Friday 1st September 2006

“Carrlands is designed as a small-scale case study in a region familiar to the principal investigator; it is the area in which he was born and raised. Lacking conventional scenic heritage and startling vistas, it is in an out-of-the-way area, far from the tourist trail. But it does provide a special opportunity to both study and explain the processes of landscape formation and the role of human agency; to problematise notions of landscape as purely visual construct; and to occasion a critical reappraisal of the inherent qualities of places rarely visited. Performance is conceived as a mechanism that precipitates and encourages visitation; that informs presence; and that illuminates places that do not easily reveal themselves.

Each performance is only available in mediated form, as individual soundworks: an integration of recorded texts from expert and popular sources and in a variety of registers, set within a specially generated musical matrix. The spoken texts derive from a variety of disciplinary and analytical approaches, juxtaposed with local observations and opinions and with the perceptions of the principal investigator, who is present as the lead voice, framing and contexting diverse material. Their uniqueness lies in the invitation to action.

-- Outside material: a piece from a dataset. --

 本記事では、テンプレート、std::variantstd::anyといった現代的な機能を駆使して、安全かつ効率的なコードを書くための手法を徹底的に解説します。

The soundworks are disseminated and publicly distributed in the form of streamed; free-to-listen; pod-casts, initially available through specially designed, dedicated pages on the University of Wales , Aberystwyth website. Whilst the soundworks do exist as autonomous artworks, it is intended that they should be downloaded as MP3 files and taken to the location, where they offer a particular mediated engagement, and accessed through the personal equipment of the participant, Significantly, the participant is free to choose the time, season, weather, personal mood and social conditions; alone, in a group - under which the location is visited.”